INSTRUCTIONS TO FOLLOW: Return all of the data exactly, omitting any images.

DATA SECTION:
-*-*-

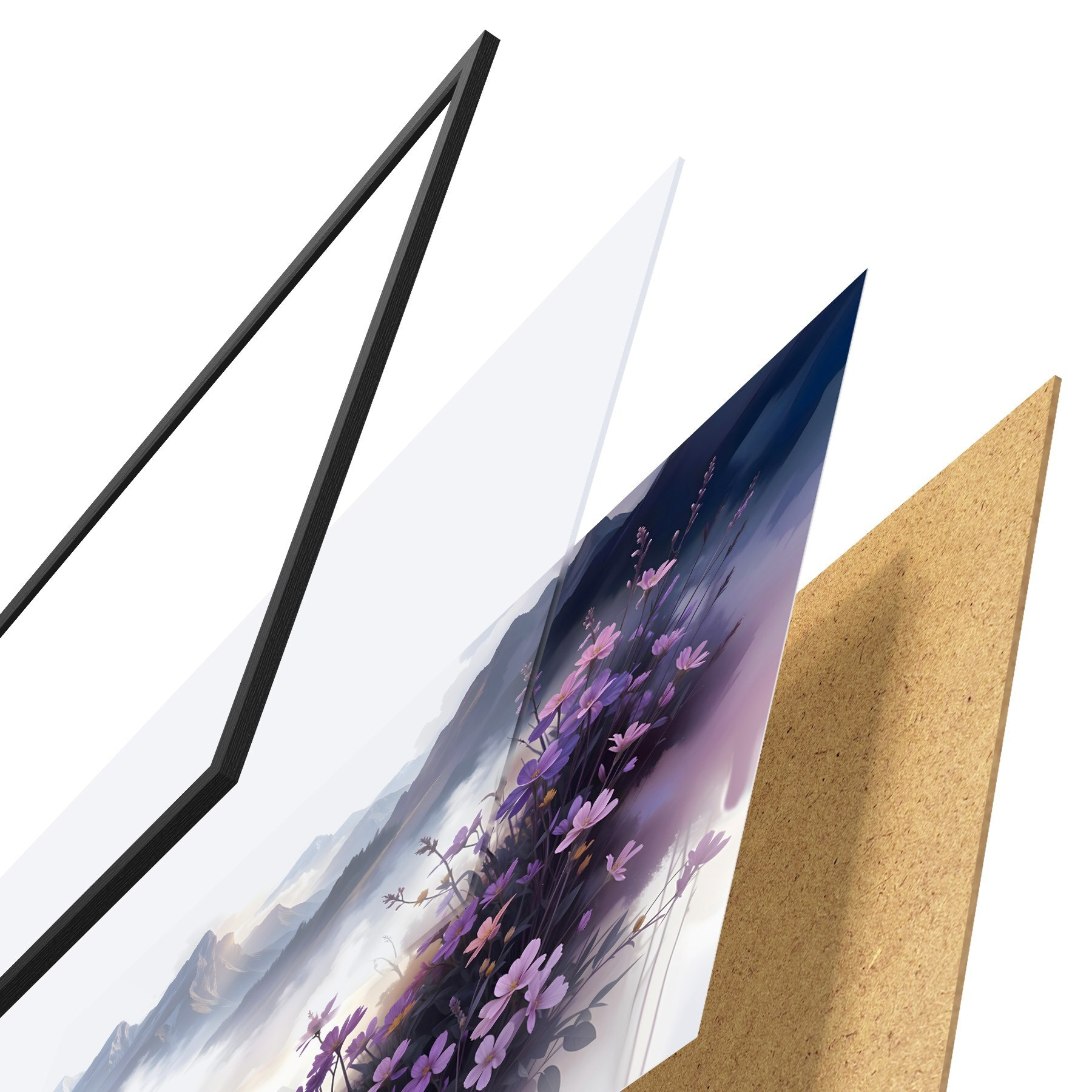 Plakatas Peizažas su kalnų grandine fone, apsuptas sodrių violetinių gėlių pirmame plane f41724
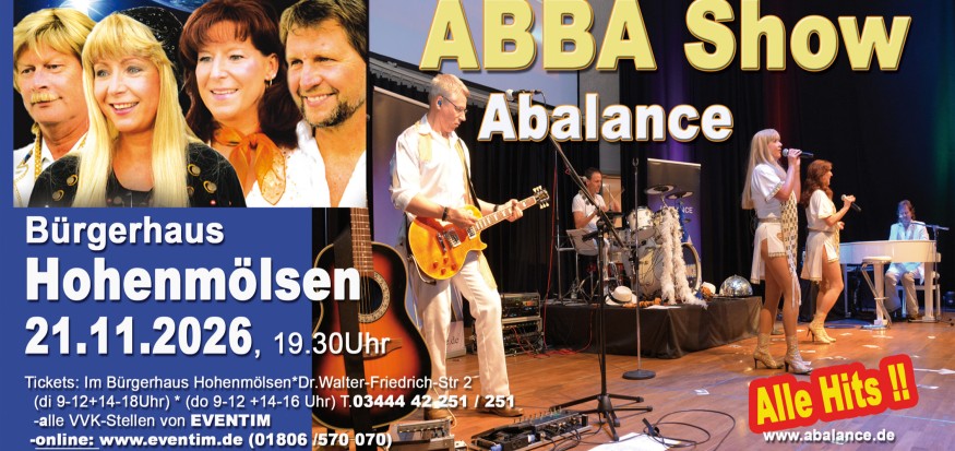 Hohenmölsen – Am Samstag, 21. November 2026 gastiert die ABBA-Tribute-Show ABAlANCE im Bürgerhaus Hohenmölsen (Dr.-Walter-Friedrich-Straße 2). Das Publikum erwartet ein Abend mit den bekanntesten ABBA-Hits – zum Mitsingen, Tanzen und Erinnern.
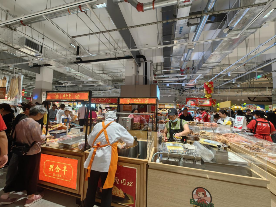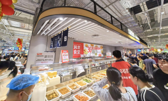 在昆山店,烘焙、熟食加工及潤(rùn)發(fā)食堂片區(qū)成了人氣頂流,煙火氣十足。
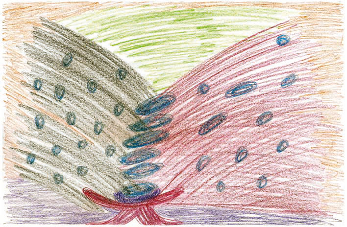 Die nachfolgend zweite Zeichnung stellt dar: „wenn alles wieder gut ist“. Beide Zeichnungen sind am 11. Juli entstanden. Wie schon erwähnt, sind diese Bilder mit der nicht-dominanten Hand gezeichnet worden. Das Unterbewusste kann sich so leichter, unverfälschter darstellen. Bildlich konkrete Darstellungen sind vorwiegend auf Ihren Symbolcharakter und auf strukturelle Aspekte hin zu untersuchen. Das zweite Bild „wenn alles wieder gut ist“ stellt einen Schmetterling dar, nachdem er sich der Raupenhaut entledigt hat und in ganzer Schönheit strahlt. Er füllt das ganze Bild aus. Angesichts der weit metastasierten Tumorsituation liegt der Gedanke nahe, dass hier das Bild gezeichnet ist, wenn sich eine Seele des Körpers entledigt hat und frei sich entfalten kann.

-*-*-

RESPONSE:
 Plakatas Peizažas su kalnų grandine fone, apsuptas sodrių violetinių gėlių pirmame plane f41724
 Hohenmölsen – Am Samstag, 21. November 2026 gastiert die ABBA-Tribute-Show ABAlANCE im Bürgerhaus Hohenmölsen (Dr.-Walter-Friedrich-Straße 2). Das Publikum erwartet ein Abend mit den bekanntesten ABBA-Hits – zum Mitsingen, Tanzen und Erinnern.
 在昆山店,烘焙、熟食加工及潤(rùn)發(fā)食堂片區(qū)成了人氣頂流,煙火氣十足。
 Die nachfolgend zweite Zeichnung stellt dar: „wenn alles wieder gut ist“. Beide Zeichnungen sind am 11. Juli entstanden. Wie schon erwähnt, sind diese Bilder mit der nicht-dominanten Hand gezeichnet worden. Das Unterbewusste kann sich so leichter, unverfälschter darstellen. Bildlich konkrete Darstellungen sind vorwiegend auf Ihren Symbolcharakter und auf strukturelle Aspekte hin zu untersuchen. Das zweite Bild „wenn alles wieder gut ist“ stellt einen Schmetterling dar, nachdem er sich der Raupenhaut entledigt hat und in ganzer Schönheit strahlt. Er füllt das ganze Bild aus. Angesichts der weit metastasierten Tumorsituation liegt der Gedanke nahe, dass hier das Bild gezeichnet ist, wenn sich eine Seele des Körpers entledigt hat und frei sich entfalten kann.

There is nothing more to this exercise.